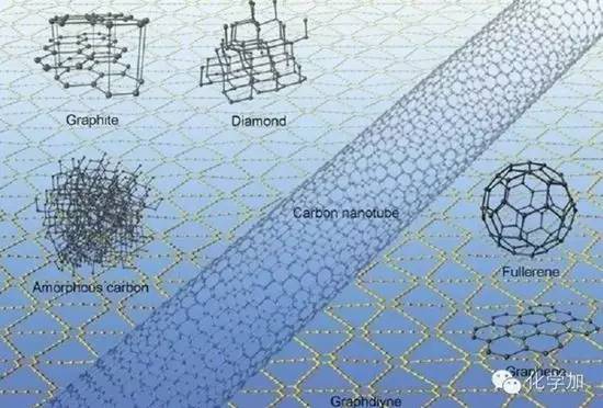 碳是看似具有無限可能的元素。這是因為其獨特的電子結構,可以有很多種成鍵方式,可以產(chǎn)生具有不同性質的一系列材料。碳具有多種同素異形體,如石墨、金剛石(鉆石)、富勒烯、碳納米管、石墨烯、玻璃碳等,其中石墨在壓力下可以轉變成超硬的金剛石。
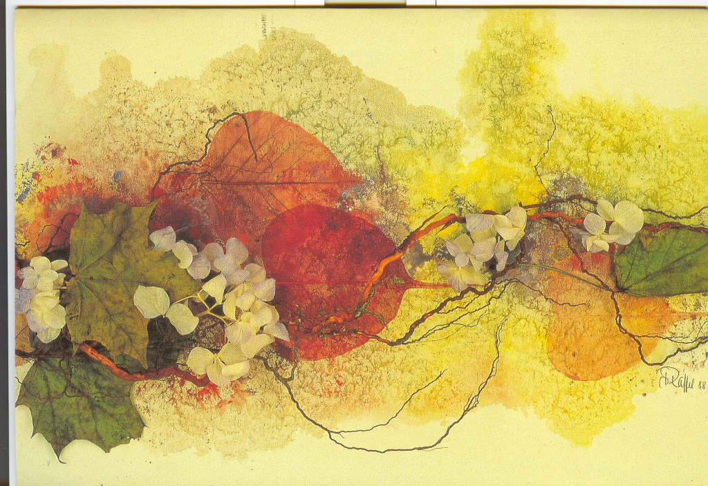 - Флоротипия: на форму наносится краска, а сверху раскладываются лепестки, цветки, листики и накрываются бумагой. После композицию помещают под пресс и на бумаге остается интересный отпечаток с силуэтами использовавшихся предметов:
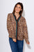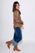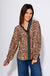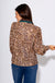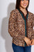 Elevate your everyday look with this latte-colored leopard print blouse. Featuring a deep V-neck with ruffle trim and a button-down front with a contrasting teal and brown placket, it combines playful details with timeless style. Long sleeves make it perfect for layering or wearing on its own, while the lightweight, unlined fabric ensures all-day comfort.

▶ _Instructions to follow_: Reproduce the data in full. Do not carry over any picture.

▶ _Reply_:
 碳是看似具有無限可能的元素。這是因為其獨特的電子結構,可以有很多種成鍵方式,可以產(chǎn)生具有不同性質的一系列材料。碳具有多種同素異形體,如石墨、金剛石(鉆石)、富勒烯、碳納米管、石墨烯、玻璃碳等,其中石墨在壓力下可以轉變成超硬的金剛石。
 - Флоротипия: на форму наносится краска, а сверху раскладываются лепестки, цветки, листики и накрываются бумагой. После композицию помещают под пресс и на бумаге остается интересный отпечаток с силуэтами использовавшихся предметов:
 Elevate your everyday look with this latte-colored leopard print blouse. Featuring a deep V-neck with ruffle trim and a button-down front with a contrasting teal and brown placket, it combines playful details with timeless style. Long sleeves make it perfect for layering or wearing on its own, while the lightweight, unlined fabric ensures all-day comfort.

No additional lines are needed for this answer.